Large language models are stochastic, where their output can vary randomly, but only for equally probable things to say. Like if you say "where are we going to go on this sunny day" it might answer "the beach" one time and "a park" another.

But when things are not equally probable in the training data, because they have no memory between invocations, they end up collapsing on the most likely answer - this is after all what they were trained to predict.

For example, if you ask Google's LLM to give you a random number between one and ten, you'll get the number seven every single time. This is because humans are more biased to the number 7 (followed by 3) over numbers like 4, and that pattern is picked up by the model, which doesn't have a memory between invocations so it goes with the most represented option and doesn't vary it at all over the initial requests (it will vary when there's a chat history though).

So what happens when you ask for a description of a doctor? By default, you get a white male every single time. This wouldn't be an issue if it varied biased probabilities in the training data stochastically, but it can't do this for demographics any better than it can for numbers between one and ten.
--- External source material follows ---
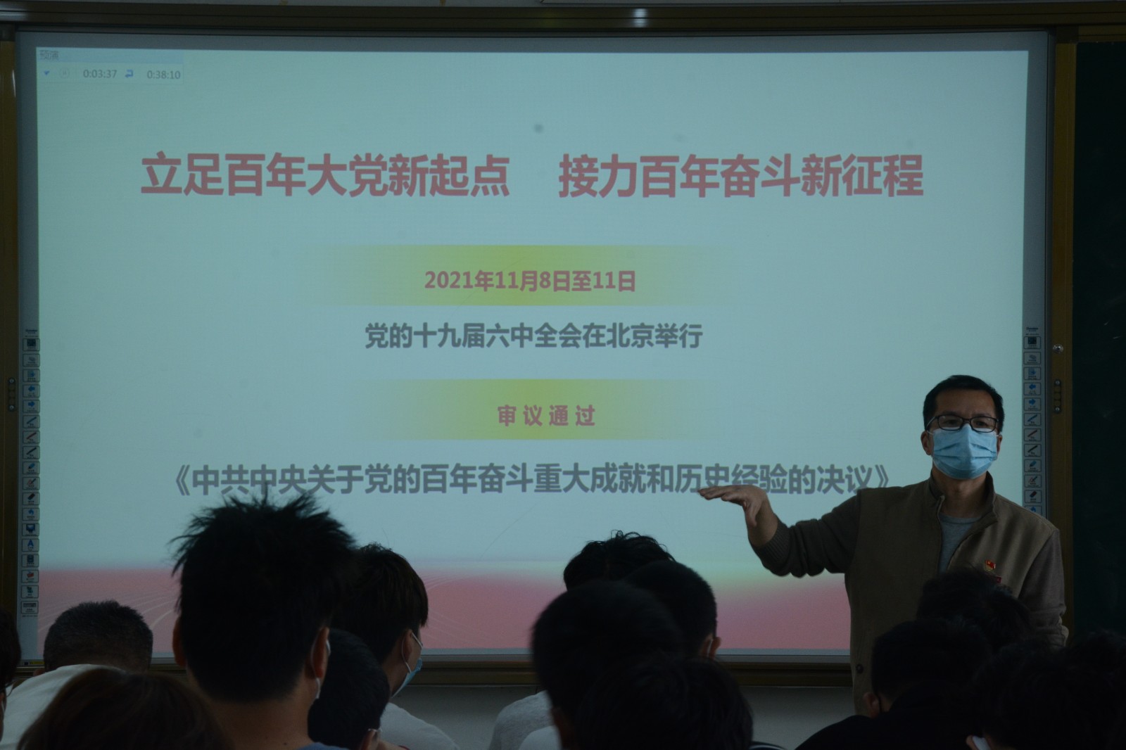 他们在课堂上用生动的语言和鲜活的事例回顾了党的艰辛奋斗历程,从“镌刻史册的伟大飞跃 不可逆转的复兴进程”、“气象万千的伟大时代 浓墨重彩的崭新篇章”、“永葆初心的大党担当 伟大光荣的历史贡献”、“弥足珍贵的精神财富 开创未来的行动指南”四个方面讲述了党领导人民进行新民主主义革命、社会主义革命和中国特色社会主义现代化建设的光辉历程。同时授课过程中,教育青年学生树立爱党爱国爱社会主义相统一的理念,激励青年学生传承红色基因,扛好新时期建设大旗,为国家富强、民族复兴、人民幸福贡献自己的力量。

Obviously an intervention is needed, and various teams are all working on ways to do that. Google initially gave instructions to specifically add diversity to every prompt showing people, which was kind of like using a buzzsaw where a scalpel was needed. It will get better over time, but there's going to be edge cases that need addressing along the way.

In terms of the Holocaust query, that topic is often adjacent to conspiratorial denialism which is connected to a host of other opinions no one (other than Gab) wants in a LLM or voice assistant, so here too we're almost certainly looking at overly broad attempts to silence neo-Nazi denialism propaganda and not some sort of intended censorship of the actual history.

[–] winterayars@sh.itjust.works 6 points 2 years ago

we're almost certainly looking at overly broad attempts to silence neo-Nazi denialism propaganda and not some sort of intended censorship of the actual history.

And that's probably what the NY Post is actually upset about.

[–] SkyezOpen@lemmy.world 3 points 2 years ago (1 children)

Any idea why they don't just apply LLMs to natural language processing? "Turn the living room lights off and bedroom lights on" should be pretty simple to parse, yet my assistant has a breakdown any time I do anything more than one command at a time.

[–] kromem@lemmy.world 6 points 2 years ago

It's expensive and slow. Especially to do well and to connect to 3rd party system calls like "turn_off_lights(["living room"])".